Recently, I have been responsible for managing code repositories and conducting code reviews for a portion of the company's projects. I have been using SonarQube, a code quality inspection tool, which, when integrated with GitLab CI, can automatically perform code quality checks and generate inspection reports upon each merge request/commit.
This article documents the entire process of importing a project into GitLab repository for configuration, so that it can serve as a reference for configuring other projects.
SonarQube Project Configuration#
The SonarQube project dashboard, as shown in the above image, provides an analysis of the project's code quality in the form of ratings. After each code analysis, it is possible to intuitively analyze the code from multiple dimensions. Before merging branches, the submitter can refer to the analysis results to make necessary modifications to the code, reducing the unnecessary workload for code reviewers.
Clicking on specific metrics allows for a detailed examination of the identified issues in the code files, providing a valuable reference for manual code reviews.
Clicking on "New Project" in the upper right corner allows for the selection of different analysis methods. It supports commonly used code repository automation workflows such as Jenkins, GitLab CI, and GitHub Actions. This article will primarily explain the configuration method for GitLab CI.
After selecting GitLab CI, choose the project repository associated with the GitLab account for subsequent configuration.
Taking a Go project as an example, first, we need to manually create a
sonar-project.properties file and paste the configuration information as prompted.
Then, a token needs to be created for the project and the token and URL variable values should be entered in GitLab under "Settings" - "CI/CD" - "Variables".
After completing the basic project configuration, it is necessary to configure the GitLab CI workflow through
.gitlab-ci.yml.

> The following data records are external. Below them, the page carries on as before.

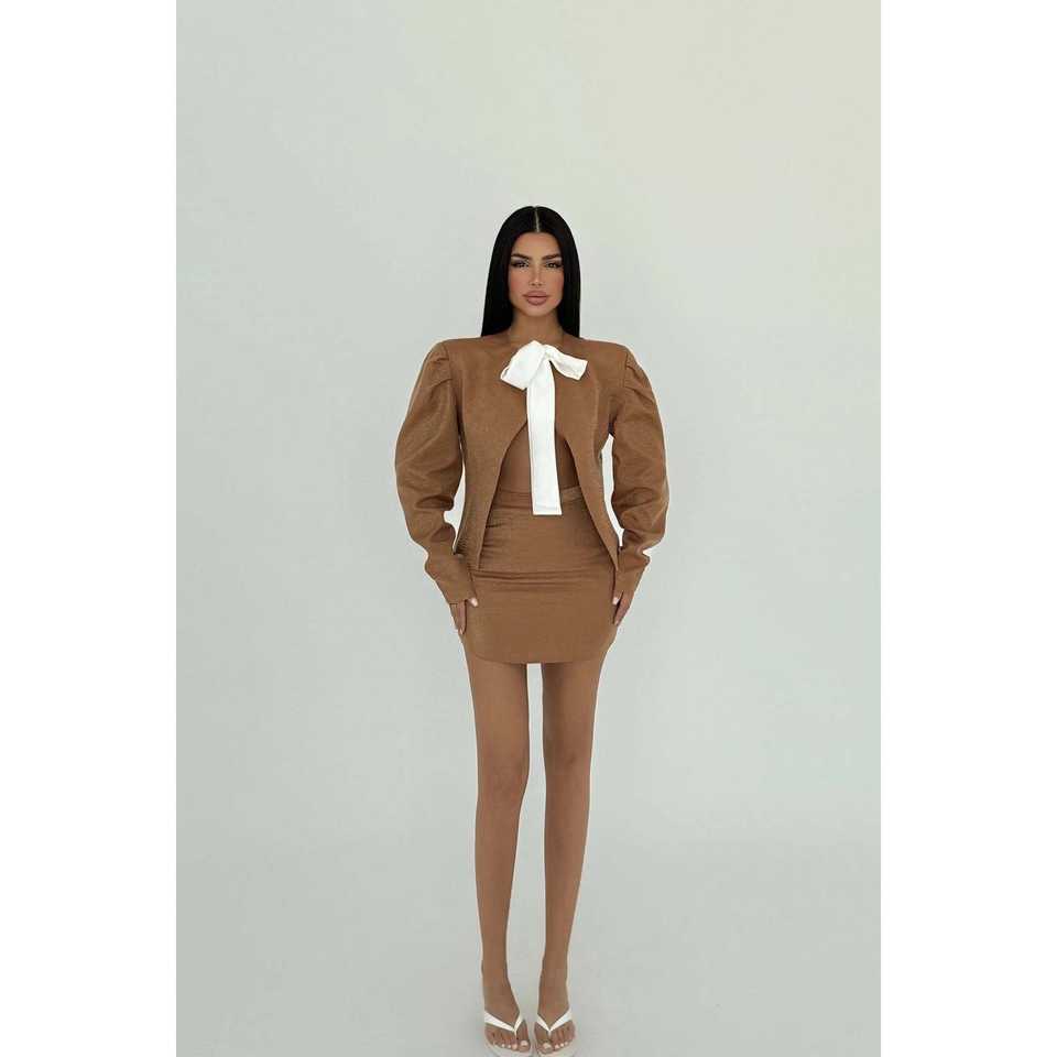 Ensemble de costume marron pour femme, ensemble jupe marron élégant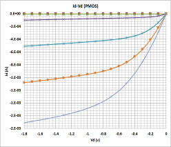 圖3 PMOS的Id-Vg轉移曲線以及Id-Vd輸出曲線(中科院微電子研究所,2012)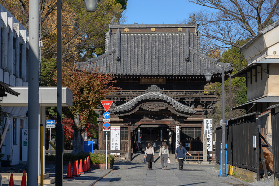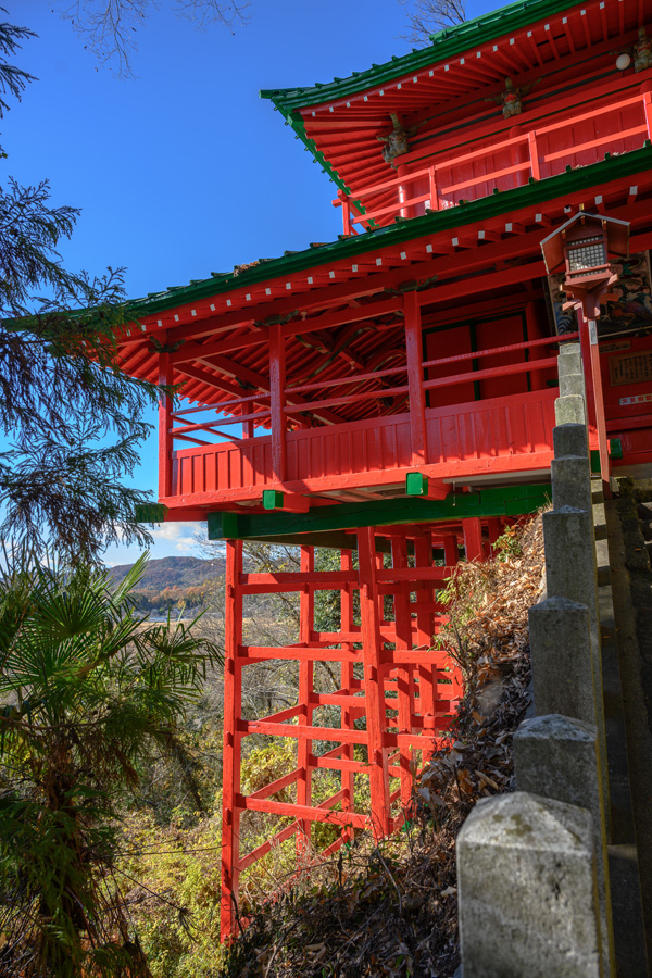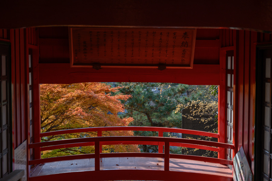 磯山弁財天だ。朱塗りの門とモミジが良く似合う。

My configuration is shown in the following image:
I mainly set it up so that when a merge request is made to the repository and there are changes in the code under the
src directory, the
testing pipeline is executed to perform code quality checks using SonarQube.

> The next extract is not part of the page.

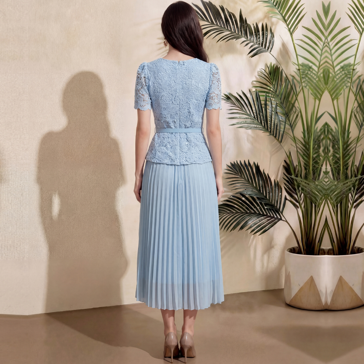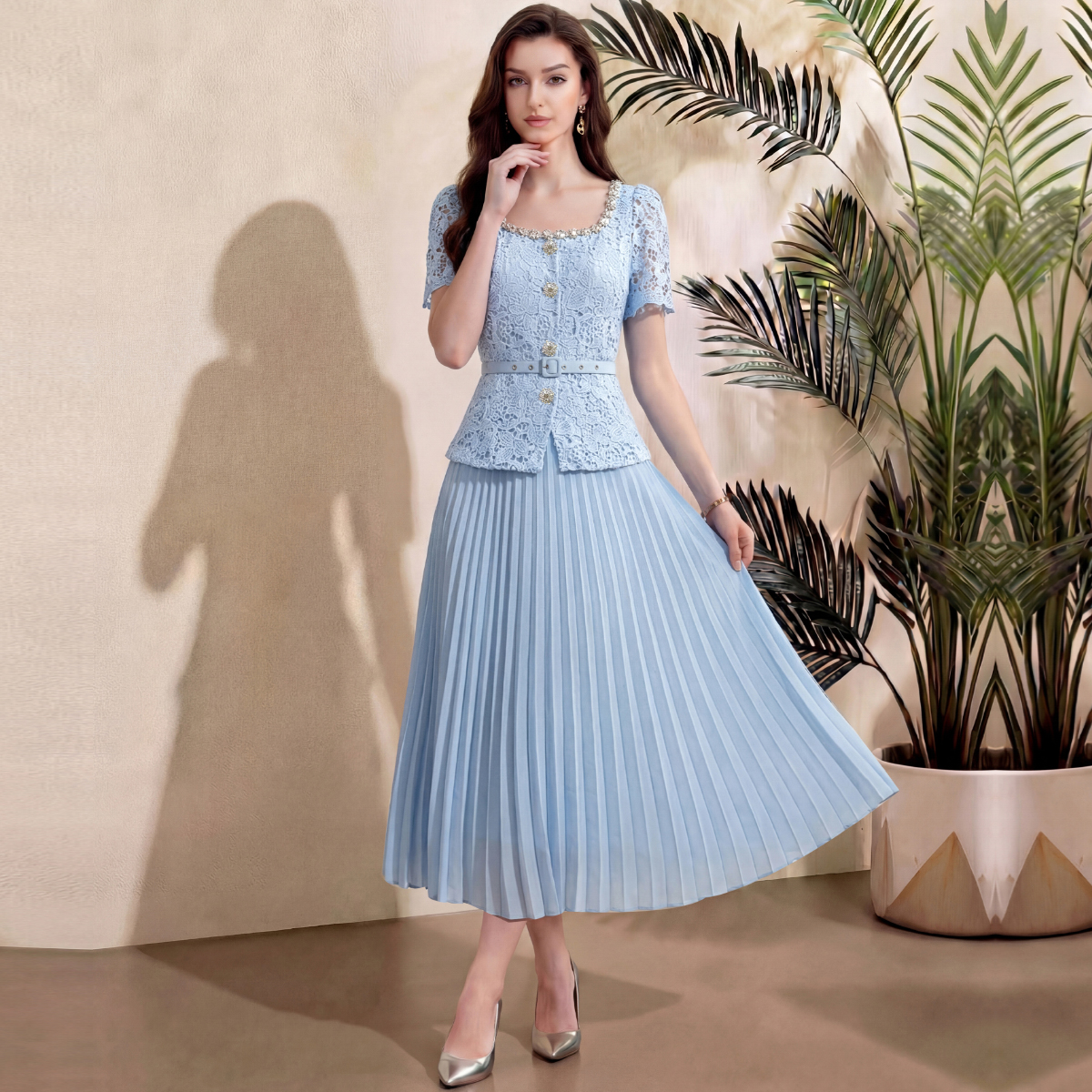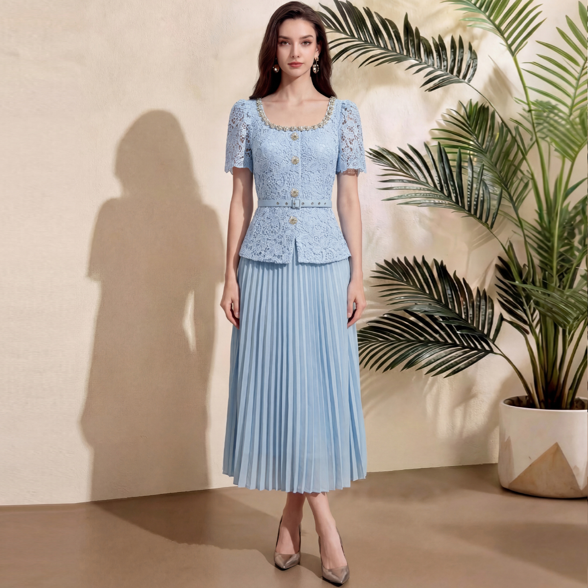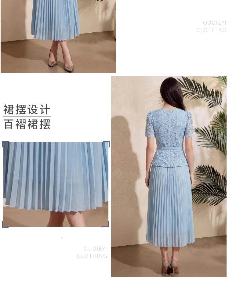 RY4113# 实拍法式小香风修身镶钻大圆领短袖蕾丝拼接中长百褶连衣裙配腰带

Additional scripts, such as deployment, can be added in GitLab CI to optimize the workflow in conjunction with the SonarQube tool. The project's CI script needs to add the corresponding Runner for execution.
When a merge request is detected,
sonarqube-check is triggered for execution, and the final execution result is returned.

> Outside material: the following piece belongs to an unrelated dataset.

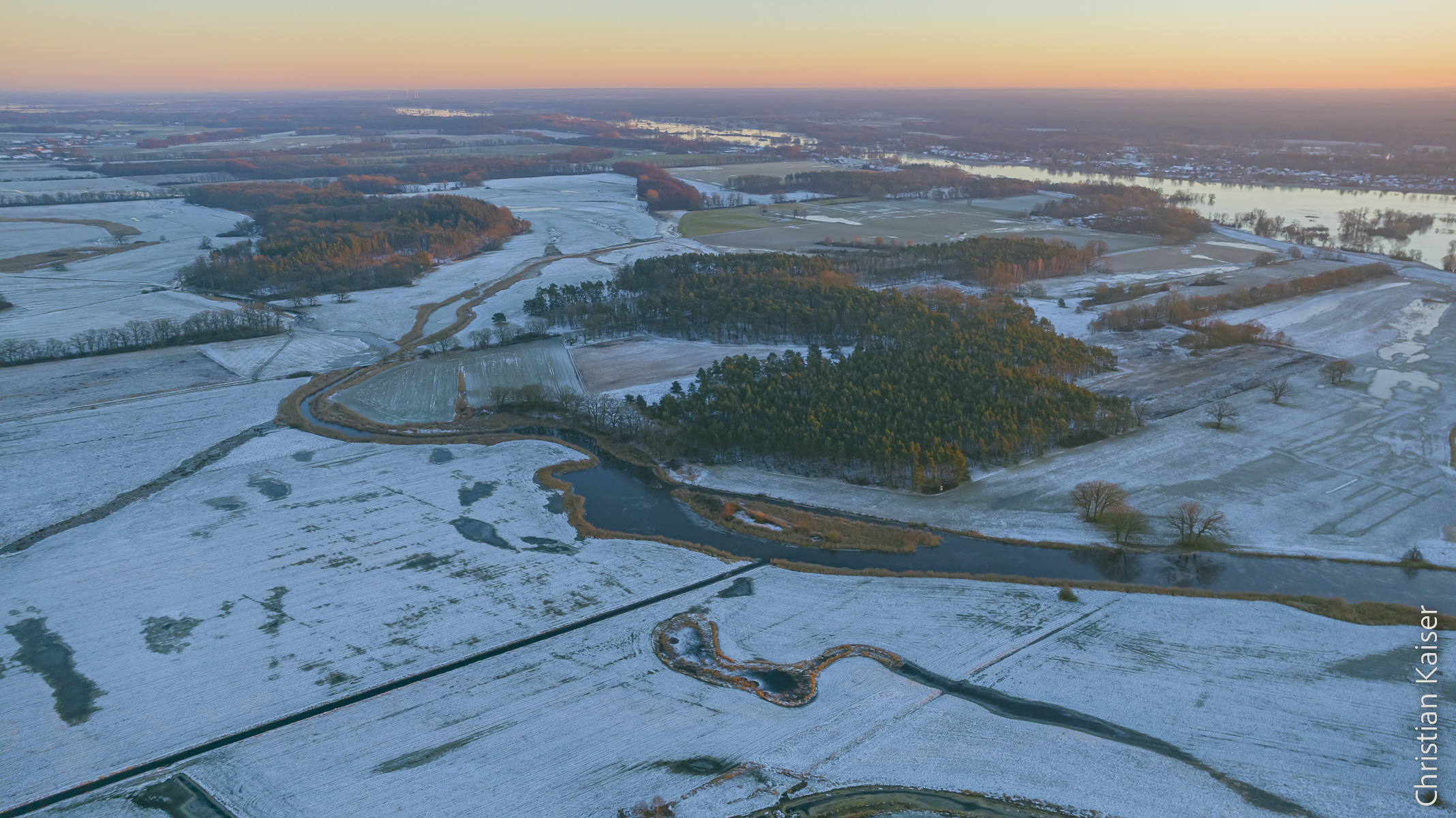 Blick auf die Elbe- Aland Flussniederung, kurz vor Sonnenuntergang

At this point, when the project page in SonarQube is opened, analysis information is already available, indicating the completion of the code quality check for this iteration.
The above is the complete process of configuring the SonarQube code quality inspection tool for a Go project in a GitLab repository. Automated code quality checks are an important part of the development and operations standard process, especially in team projects. Good standards help optimize workflows and improve the overall quality of projects.
In the future, I will also document the configuration and usage of open-source tools used in development and operations standards in my work. If there are any errors or omissions, please feel free to provide feedback.